Dia juga menjelaskan bahwa penyelidikan ini bertujuan untuk mengklarifikasi dugaan prajurit TNI terlibat, sehingga opini liar tidak terus berkembang di masyarakat. "Tentunya dengan adanya yang berkembang di masyarakat, kita akan menyelidiki tentang dugaan yang prajurit TNI. Sehingga harapannya ketika nanti ini akan kita lihat perkembangannya dan akan kita sampaikan kepada kawan-kawan wartawan. Karena tentunya kita tidak ingin opini yang berkembang ini menjadi opini yang berkembang di masyarakat. Harapannya ini akan kita sampaikan kemudian," tegasnya.

Respons dari Istana dan Polri

Terkait kasus ini, Istana melalui Menteri Sekretaris Negara (Mensesneg) Prasetyo Hadi mengungkapkan keprihatinan terhadap insiden penyiraman air keras yang dialami Andrie Yunus. Prasetyo menyebut bahwa Presiden Prabowo Subianto telah menginstruksikan agar kasus ini diusut secara objektif dan terbuka. "Ya tentu kita sangat prihatin dengan kejadian itu dan sebagaimana sudah disampaikan Bapak Kapolri, Bapak Presiden memerintahkan untuk diusut secara objektif, terbuka, dan secepat-cepatnya gitu," kata Prasetyo di kantor Kemhan, Jakarta Pusat, Selasa (17/3).

Kapolri Jenderal Listyo Sigit Prabowo juga menegaskan komitmen Polri untuk menuntaskan kasus ini.
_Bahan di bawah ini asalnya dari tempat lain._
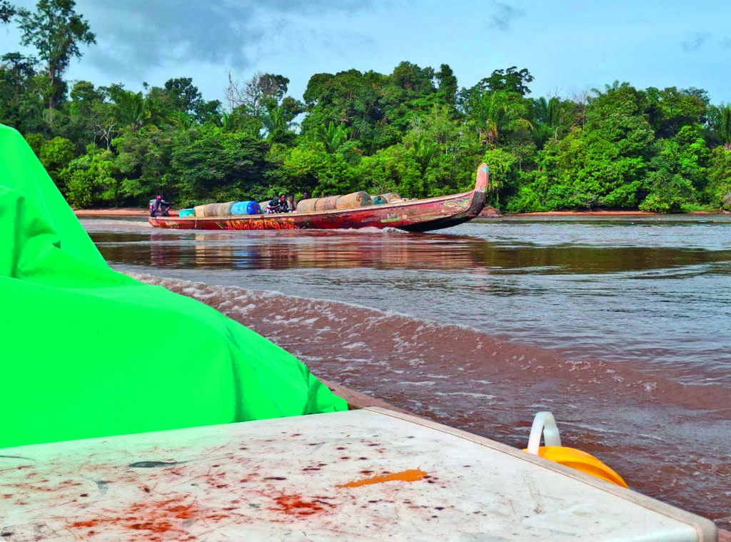 Brusquement, le cours du fleuve s’élargit et on a l’impression de naviguer sur un lac. Ce n’est qu’un long bief où des « coques alu » transportent surtout des passagers. Autant les Ndjukas sont familiers des pirogues en bois, autant les Brésiliens qui vivent le long du fleuve pratiquent des pirogues en aluminium, plus légères, mais moins adaptées au passage des sauts. Ils portent des noms à connotation religieuse, comme Deus Conosco (« Dieu est avec nous »). Peut-être jettent-ils aussi du rhum à l’eau avant de mettre leur moteur en marche ? On n’est jamais trop prudent.

Dia menyatakan telah mendapatkan perintah langsung dari Presiden Prabowo untuk mengusut kasus tersebut secara profesional dan transparan. "Terkait dengan perkembangan dari penyerangan aktivis, saya telah mendapatkan perintah langsung dari Bapak Presiden untuk melaksanakan pengusutan tuntas secara profesional, transparan," ujar Jenderal Sigit usai meninjau arus mudik di Stasiun Besar Surabaya Gubeng, Jawa Timur, Minggu (15/3).

Jenderal Sigit menjelaskan bahwa Polri akan menggunakan metode ilmiah dalam pengusutan, dengan pengumpulan informasi yang terus dilakukan oleh tim di lapangan. "Langkah-langkah yang kita lakukan tentunya tetap mengedepankan scientific crime investigation. Saat ini kita sedang melakukan pengumpulan informasi-informasi, dan informasi-informasi tersebut nantinya akan kita dalami satu per satu," tuturnya.

Dengan berbagai respons ini, kasus penyiraman air keras terhadap Andrie Yunus terus mendapat perhatian dari berbagai pihak, termasuk TNI, Istana, dan Polri, yang berkomitmen untuk mengungkap kebenaran secara transparan.